# DATASET EXTRACT
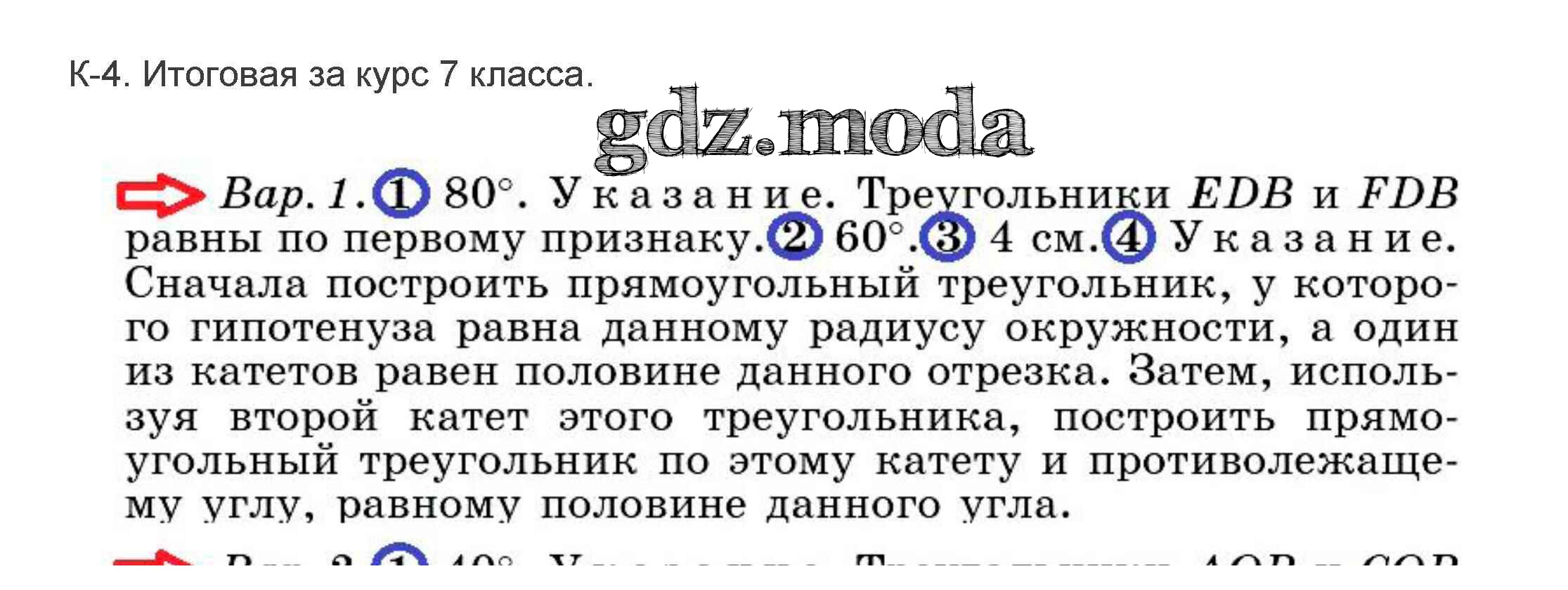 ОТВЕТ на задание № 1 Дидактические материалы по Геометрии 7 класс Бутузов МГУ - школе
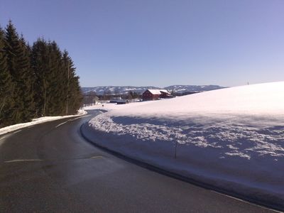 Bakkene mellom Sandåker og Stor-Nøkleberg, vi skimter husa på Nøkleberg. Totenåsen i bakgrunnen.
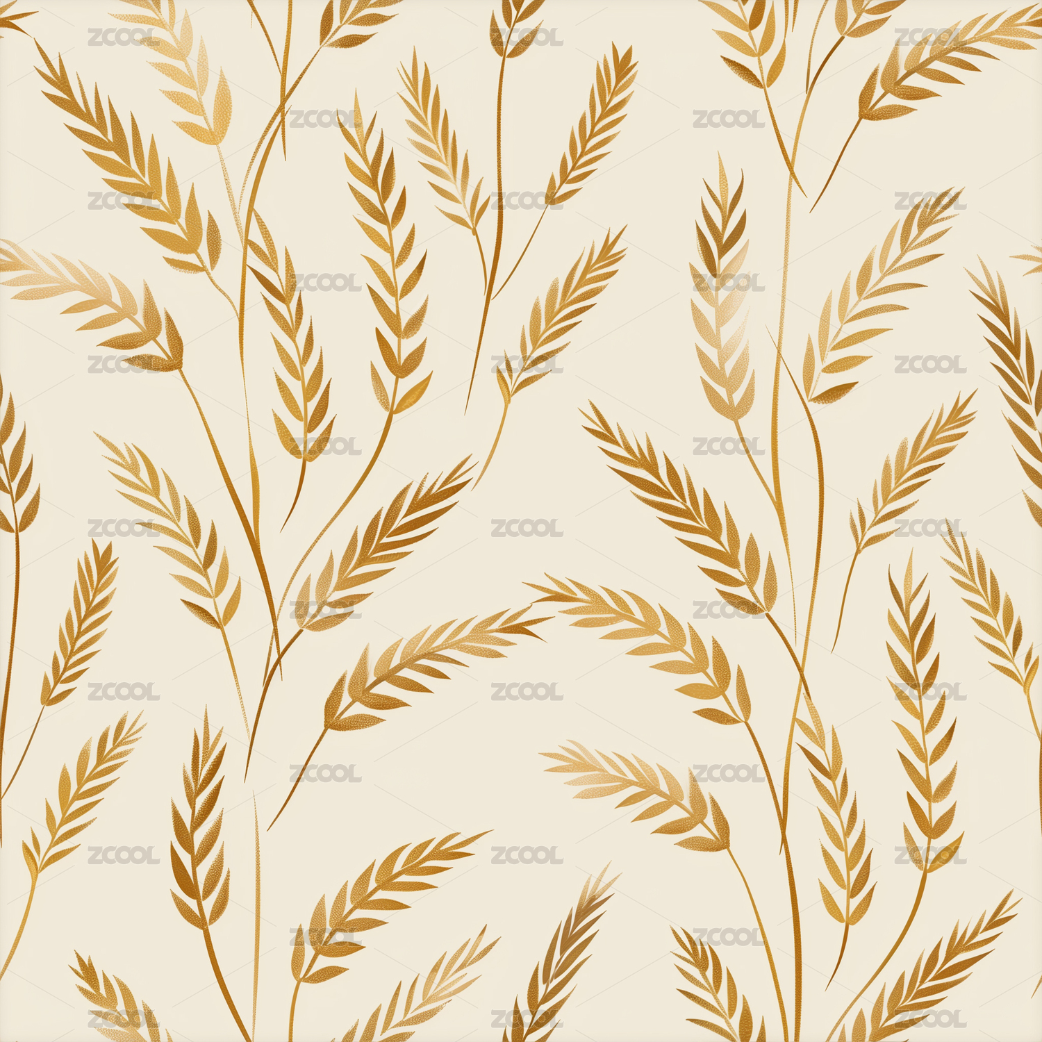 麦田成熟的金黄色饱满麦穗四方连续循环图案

# DESCRIPTION OF THE TASK
Pictures are not part of the copy. Restate everything else in the listing word for word.

# TASK OUTPUT
 ОТВЕТ на задание № 1 Дидактические материалы по Геометрии 7 класс Бутузов МГУ - школе
 Bakkene mellom Sandåker og Stor-Nøkleberg, vi skimter husa på Nøkleberg. Totenåsen i bakgrunnen.
 麦田成熟的金黄色饱满麦穗四方连续循环图案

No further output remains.